Crossing Minnesota with Northwest Airlines, a variety of things catch the eye. For instance, almost every traveller pulls a suitcase on wheels. And numerous men were much shorter than the giant Scandinavians of Minnesota legend who populated that state.
In fact, under five-footers were frequently seen.
Among Dave’s hockey helpers there is an engaging sports fisherman who knows Rainy Lake and hopes to buy a summer home here.
The Wells Fargo names appears on that arena, as well as downtown business, and this is historic because that company had stage coaches helping develop the West before train travel.
You order a Star burger to eat in the Des Moines arena after you leave the security checking at the airport, which almost can make you wish you never came because you must shed your jacket, belt, shoes, wrist watch, and any electronic devices such as hearing aids, phone, or radio. Then try to remember everything later.

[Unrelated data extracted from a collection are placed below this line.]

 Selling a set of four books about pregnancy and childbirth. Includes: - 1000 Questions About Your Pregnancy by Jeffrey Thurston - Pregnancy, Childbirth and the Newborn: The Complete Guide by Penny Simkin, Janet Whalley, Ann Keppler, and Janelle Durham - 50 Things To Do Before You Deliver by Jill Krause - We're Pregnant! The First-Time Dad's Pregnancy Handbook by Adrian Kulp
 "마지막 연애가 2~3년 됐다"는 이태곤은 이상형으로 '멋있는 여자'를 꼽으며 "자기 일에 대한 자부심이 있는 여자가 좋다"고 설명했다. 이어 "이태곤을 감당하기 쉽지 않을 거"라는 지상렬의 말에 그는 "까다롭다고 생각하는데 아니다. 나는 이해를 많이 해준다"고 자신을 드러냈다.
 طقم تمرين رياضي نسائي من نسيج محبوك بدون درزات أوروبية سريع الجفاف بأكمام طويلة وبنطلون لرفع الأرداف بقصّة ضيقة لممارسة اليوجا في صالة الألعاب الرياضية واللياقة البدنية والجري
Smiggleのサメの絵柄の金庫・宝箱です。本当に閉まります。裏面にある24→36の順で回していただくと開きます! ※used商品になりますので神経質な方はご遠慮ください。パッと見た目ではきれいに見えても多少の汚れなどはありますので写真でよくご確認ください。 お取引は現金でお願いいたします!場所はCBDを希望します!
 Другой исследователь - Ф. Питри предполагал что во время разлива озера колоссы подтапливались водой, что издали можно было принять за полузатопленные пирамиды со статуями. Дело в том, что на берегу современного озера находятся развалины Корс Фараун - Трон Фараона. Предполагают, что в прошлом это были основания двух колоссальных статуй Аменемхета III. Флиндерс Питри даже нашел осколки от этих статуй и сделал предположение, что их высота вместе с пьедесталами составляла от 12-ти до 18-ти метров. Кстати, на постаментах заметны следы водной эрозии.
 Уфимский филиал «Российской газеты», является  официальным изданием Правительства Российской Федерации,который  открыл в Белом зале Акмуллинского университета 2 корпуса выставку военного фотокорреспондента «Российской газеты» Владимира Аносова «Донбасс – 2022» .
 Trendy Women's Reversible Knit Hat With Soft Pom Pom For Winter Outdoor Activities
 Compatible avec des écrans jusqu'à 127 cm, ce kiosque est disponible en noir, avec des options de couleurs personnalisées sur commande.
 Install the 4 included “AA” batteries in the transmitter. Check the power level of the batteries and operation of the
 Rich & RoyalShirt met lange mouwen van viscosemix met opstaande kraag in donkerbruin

(The detector zinged at my wallet before I remembered to remove some “Toonies!”)
There were black porters helping at the airports who reminded me of similar helpers on our old passenger trains, although the former spoke better English.
Some airport helpers came from Ethiopia and one who enjoyed me remembering its former ruler, Haile Selassi, pushed my wheelchair because my canes slowed me down.
It was a wonderful weekend all told and I hope to travel that way again. My only previous trip to Iowa was by car and today the gasoline cost might compare to an airplane ticket.
• • •
But I arrived after the two Gregs (Madill and Ross), friends of Dave, had come and gone with their little hockey players from Fort Frances, who made quite a impression while gaining the thrill of their young careers at Des Moines.
• • •
Our own up-and-coming politician, Big Al Bedard, may be practically unstoppable now that his daughter has given him a computer for Christmas.
• • •
A Meals on Wheels volunteer from the Oddfellows said he recognized me from having two sons deliver the Winnipeg Tribune for me as agent there many years ago. So I asked the ages of his boys today and learned both are now in their 50s!
I would be delighted to identify my benefactor, only he insisted his name not go into the paper.
While I always honour this request, I feel somehow cheated for being unable to give credit where credit is due, if you recognize that old phrase!
• • •
Here I’ll pay my respects to the late Lou Farago, who was vice-principal in Fort High during my time as a spare teacher.
We never had a more physically active teacher than Lou, who also alternated between here and Rainy River and was incredibly active in between, especially at tennis, which he played somewhere at times in the southern islands during winter holidays.
And Lou was equally renowned for his regular embarrassments, which provided lots of laugh. At one noon luncheon, he told the new school superintendent, a stranger to Lou, to leave the school restaurant and later shouted at a policeman to remove his locker-sniffing dog which was searching for marijuana!
• • •
It was great to have George Armstrong’s memory revived when I met one of his former employees, David Westram. I hope we never forget George—one of our all-time best money-makers with his gravel pit, trucks, and ready-mix cement.
Between George and older J.A. Mathieu, the lumberman, they helped our town prosper along with our paper-making.
• • •
While the Iowa hockey scene is certainly impressive, I cannot help but compare it to our own game and new rink back in the early ’50s when we owned the proudest sports town anywhere—and winning the Allan Cup can never be topped.
• • •
Apparently “Nutty” has found a girlfriend, undoubtedly because of his hoped-for career as Hollywood’s next animal movie star. Although, maybe a cat got him—the little beggar!
“Nutty” has not been around all through the holidays, so I suspect he has been overeating on all those gifts he gets. Perhaps I don’t recognize him in his new figure, possibly looking more like a young wolf than a squirrel!
If he ever gets back into shape, “Nutty” may bring his girl over to meet me before he commences his celebrated film career because he will need a manager.